CSCI 587 - Assignment 2 Text Compression


Date: Jan 23, 1997
Date Due: Jan 30, 1997
  1. The dictionary used by the Unix system command spell is in the file /usr/dict/words. Write a small C program that will calculate the frequencies of each character.
  2. Using the Huffman coding encode the phrase "USC wins".
  3. Compare the performance of compress, compact, and gzip calculating the compression ratio for each on /usr/dict/words. Also record the time required using the command "time."

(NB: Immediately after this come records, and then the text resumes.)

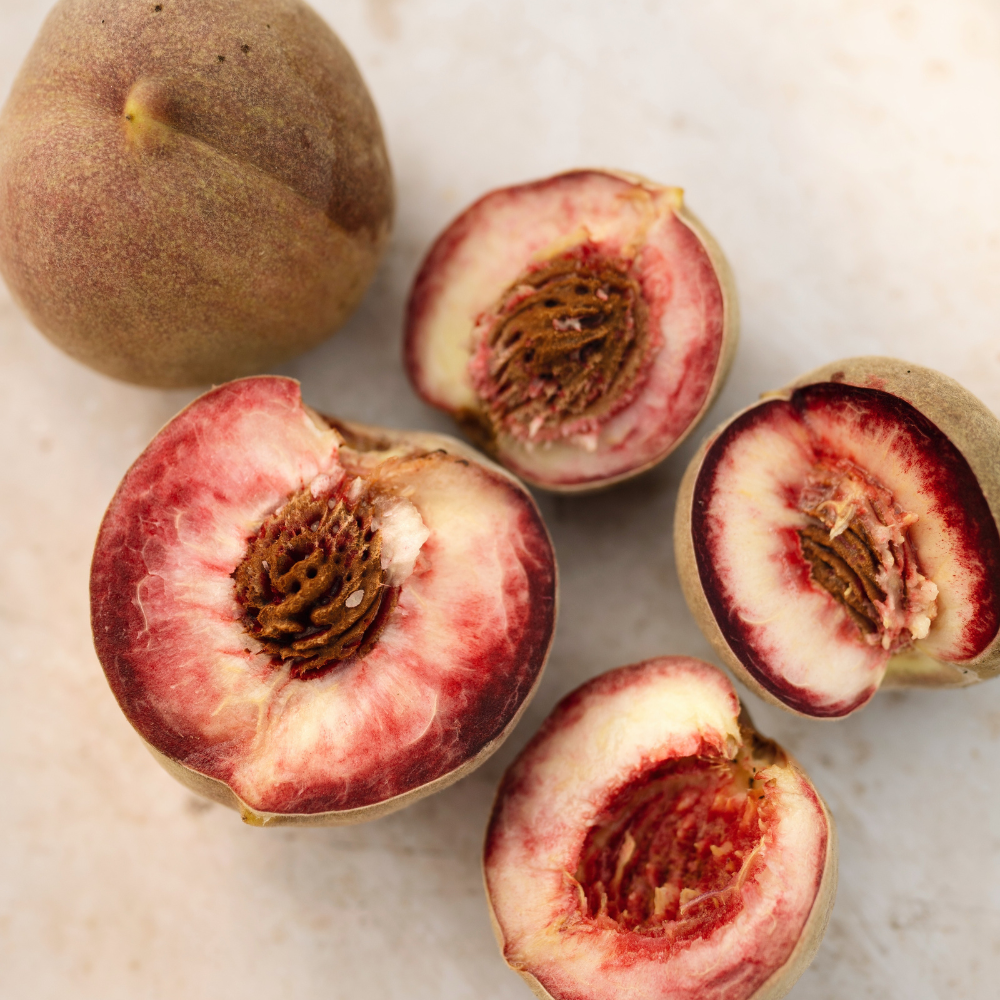 Een bijzondere perziksoort met zijn diepdonkere, roodpaarse schil en intens roze/rood vruchtvlees. 'Black Boy' is geliefd om zijn krachtige, zoet-aromatische smaak. Het is een echte delicatesse: heerlijk uit de hand, maar ook perfect voor jam, compote of als verrassend ingrediënt in hartige gerechten.
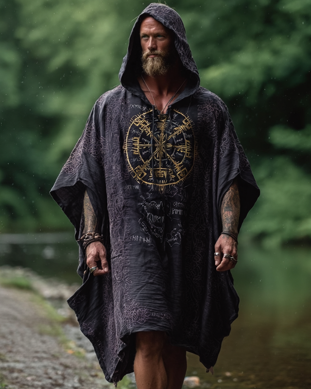 Men's Viking Compass Celtic Woven 3D Embroidered Hooded Kaftan d5ca
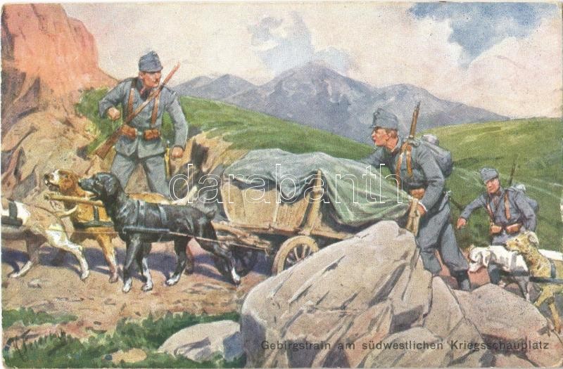 Leírás: 1915 Gebirgstrain am südwestlichen Kriegsschauplatz / WWI Austro-Hungarian K.u.K. military, mountain troop with dog-drawn packed carriages. B.K.W.I. 259-200. s: K. Feiertag (EK)
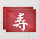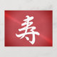 Postcard featuring Kanji congratulations - 寿 - a popular kanji symbol which means in Japanese long life and congratulations. Text design by Alma Wad in red brushed metal look background .You can personalise this card now with your own words . Japanese or English .
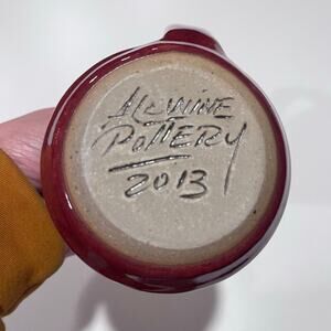 Alewine Pottery 2013 Gramps Stoneware Blue and Red Glazed Mug Cup
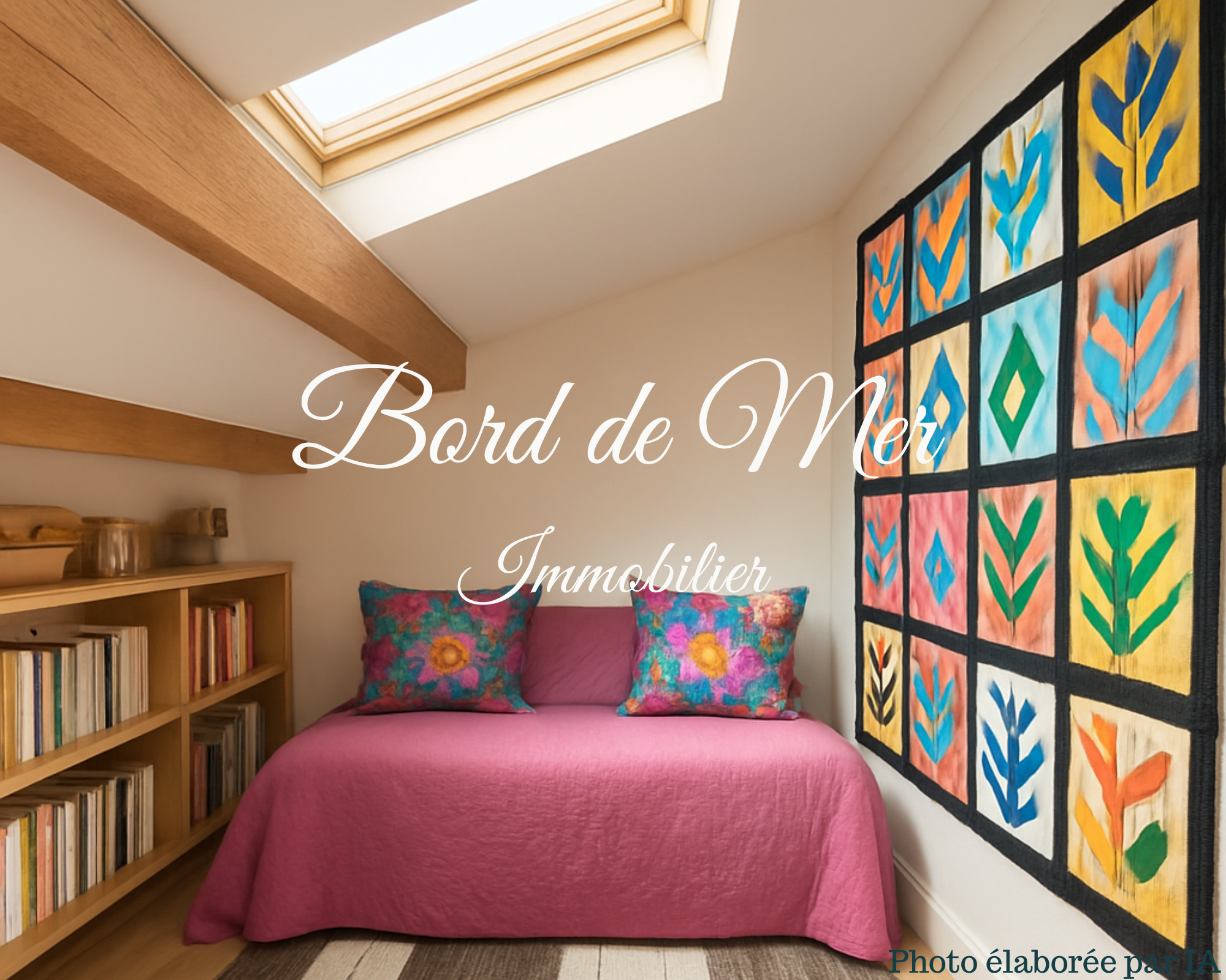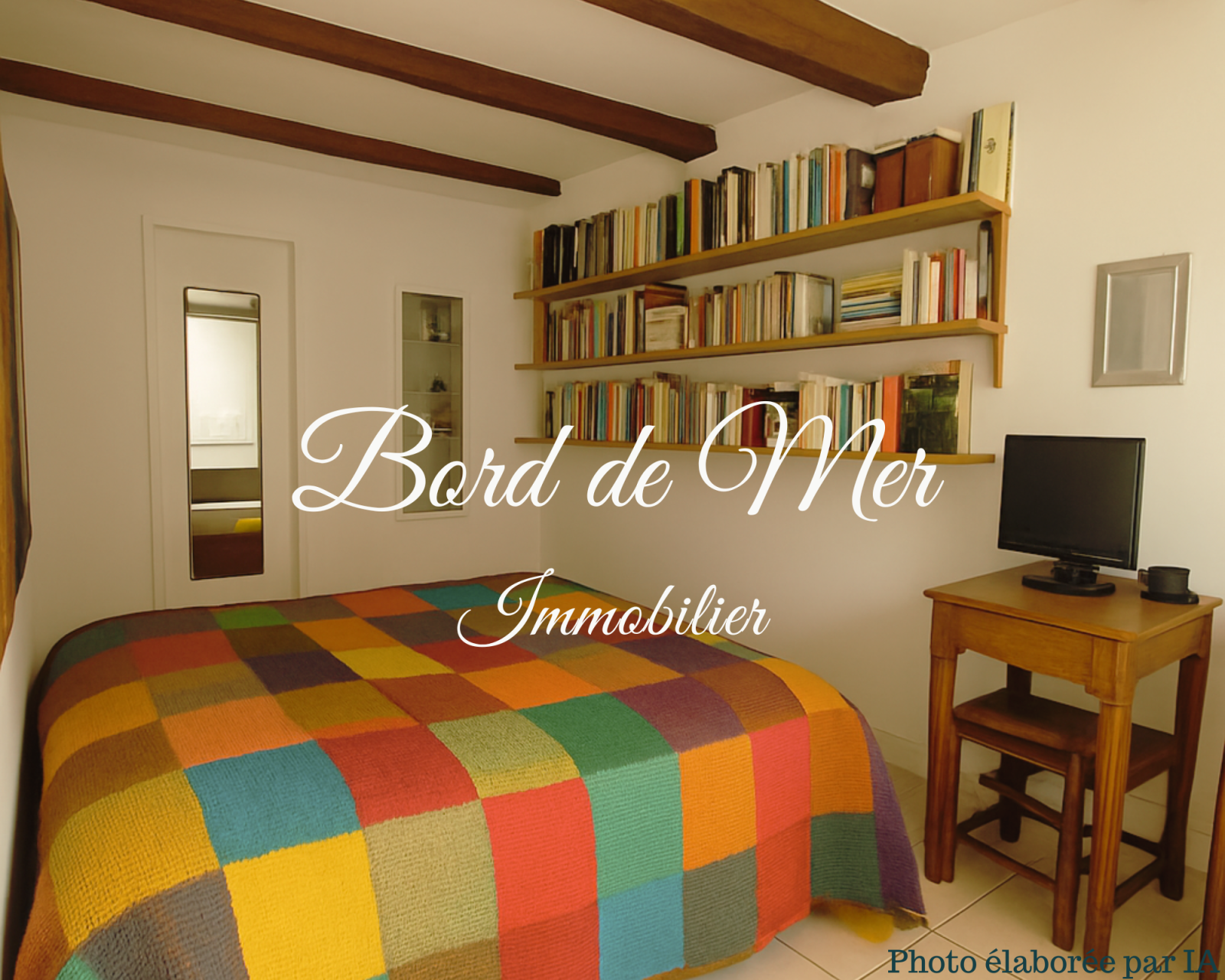 À l’étage, deux chambres lumineuses aux vues dégagées — l’une côté mer, l’autre côté étang — ainsi qu’une salle d’eau avec WC.

  4. Find a spelling/grammar checker on a PC or Mac.
  5. Extra Credit 3 points A digram is a two character sequence.
Character Frequency % Huffman code
space 18.21 111
E 10.53 000
T 7.68 1101
A 6.22 1011
I 6.14 1001
O 6.06 1000
R 5.87 0111
S 5.81 0110
N 5.73 0100
H 3.63 11001
C 3.11 10101
L 3.07 10100
D 2.97 01011
M 2.48 00111
U 2.27 00110
P 1.89 00100
F 1.68 110001
G 1.65 110000
B 1.32 010100
W 1.13 001011
Y 1.07 001010
V 0.70 0101010
K 0.31 01010110
X 0.25 010101110
Q 0.10 0101011110
J 0.06 01010111110
Z 0.06 01010111111
Figure from Introduction to Natural Language Processing by Mary Dee Harris.